A young woman walked light-footed into the living room. She looked to be in her early thirties, dressed in a black mandarin dress and high-heeled sandals. She relieved Chen of the ham and put it on the coffee table.
“Fengfeng, my most capable daughter,” Bian said. “A CEO of an American-Chinese joint venture.”
“A most unfilial daughter,” she said. “I studied business administration instead of Chinese literature. Thank you for choosing him, Chief Inspector Chen. It’s a boost to his ego to have a celebrity student.”
“No, it’s an honor for me.”
“You’re doing great on the police force, Chief Inspector Chen. Why do you want to study in the program?” she wanted to know.
“Literature makes nothing happen,” the old man joined in with a self-depreciating smile. “She, in contrast, bought the apartment, which was way beyond my means.
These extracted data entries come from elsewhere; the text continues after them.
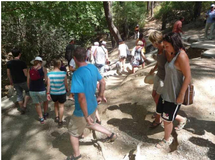
Disse gjør seg klar til å gå gjennom tunnelen.

Dette er åpningen av tunnelen. Den er mulig å gå gjennom tunnelen. Den er 150m lang, og det er ikke lys. Dessuten må man vasse i bekken som renner gjennom.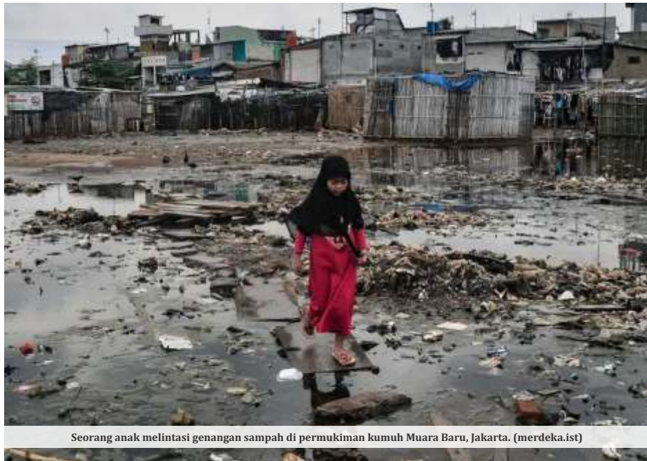
Seorang anak melintasi genangan sampah di permukiman kumuh Muara Baru, Jakarta.

JAKARTA - Presiden Joko Widodo (Jokowi) menargetkan pertumbuhan ekonomi pada 2024 berada di kisaran 5,3-5,7%. Hal itu tertuang dalam Kerangka Ekonomi Makro (KEM) dan Pokok-pokok Kebijakan Fiskal (PPKF) tahun 2024. Kalangan ekonom pun menilai angka tersebut terlalu tinggi.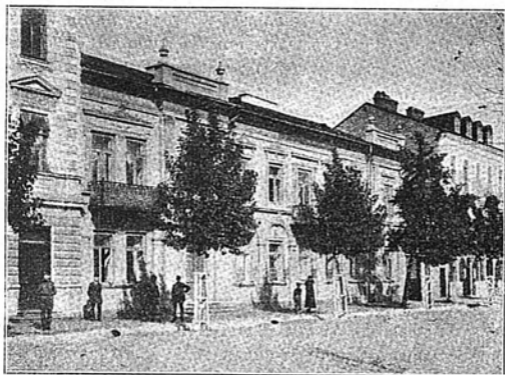
Женское коммерческое училище Ядвиги Барщевской.

Женское коммерческое училище Ядвиги Барщевской. Училище находится въ вѣдѣніи М-ва Торговли и Промышленности. Основанное въ 1904 году въ составѣ 2-хъ классовъ, училище преобразовано въ 1906 году въ 7-ми классное, а въ 1911 г. въ 8-ми классное. Въ первый годъ существованія училища, въ немъ было 47 ученицъ, въ 1911 г. 209. (римско-католическаго вѣ-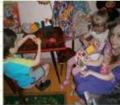
«Вылепи меня» «Кубик Рубик» «Жвачка для рук» «Лабиринты»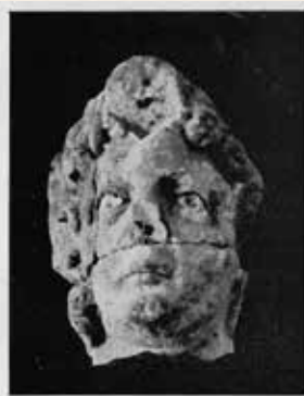
Gl. de M. J.-B. Sibener. 0,4000, 0,0020

In seinem 1905 erschienenen Guide illustré du Musée lapidaire-Romain d'Arlon 7) , beschreibt J.-B. Sibener unter der Nummer 53 den skulptierten Kopf und bestätigt nochmals seinen römischen Ursprung. Er neigt aber doch der Interpretation zu, dass der mittlerweile notdürftig ausgebesserte Kopf zu einer Pomona, römische Göttin der Baumfrüchte, gehören könnte.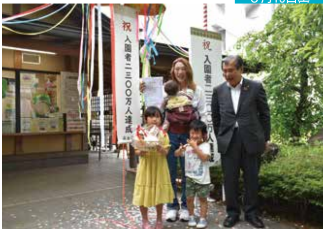
楽寿園入園者数 2,300 万人達成！ <<楽寿園>>

楽寿園の入園者数が2,300万人を達成し、記念セレモニーが行われました。昭和27年の開園から入園者2,300万人目となった沼津市にお住まいの福田さんファミリーには、記念品が贈られました。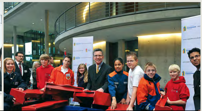
links: Den zweiten Platz der Kategorie »Neue Innovative Konzepte« gab es für die Jugendfeuerwehr im ABC-Zug (Jugendabteilung Feuerwehr Karlsruhe, Baden-Württemberg) rechts: Dr. Thomas de Maizière, Bundesminister des Innern, baute mit jungen Angehörigen der Feuerwehr sowie anderer Hilfeleistungsorganisationen bei der Verleihung des Förderpreises »Helfende Hand 2010« die »Brücke der Integration«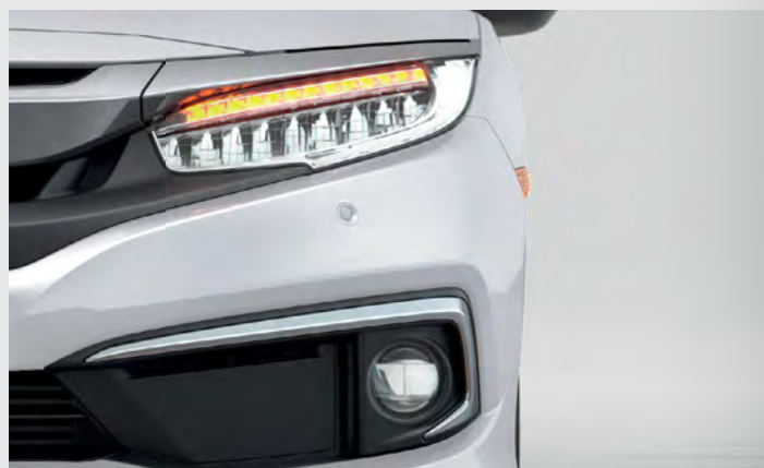
Faróis Full LED.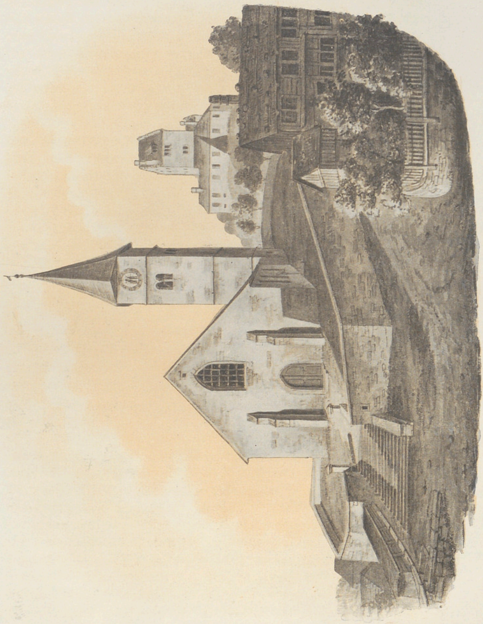
Die alte Kirche von Iffert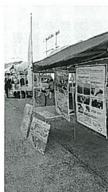
淡路島3年とらふぐ祭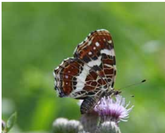
Das Landkärtchen erinnert mit seinen Mustern und Linien auf der Flügelunterseite an eine Landkarte.

So we live here—one country with two systems.”
One country with two systems
—a political catch phrase invented by Comrade Deng Xiaoping to describe socialist mainland China’s coexistence with the capitalist Hong Kong after 1997. Here, it described a family whose members earned money from two different systems. Chen understood that people questioned his decision, but he tried not to care too much.
“It’s like a road not taken, always so tempting to think about on a snowy night,” he said, “and also a boost to one’s ego to imagine an alternative career.”
“I have to ask a favor of you,” she said. “Father has diabetes and high blood pressure. He does not go to school every day. Can you come here to study instead?”
“Sure, if it’s convenient for him.”
“Don’t you remember the line by Gao Shi?” Bian said. “‘Alas, the most useless is a scholar.’ Here I am, an old man capable of only ‘carving insects’ at home.”
“Literature is of significance for a thousand autumns,” Chen said, quoting a line in response.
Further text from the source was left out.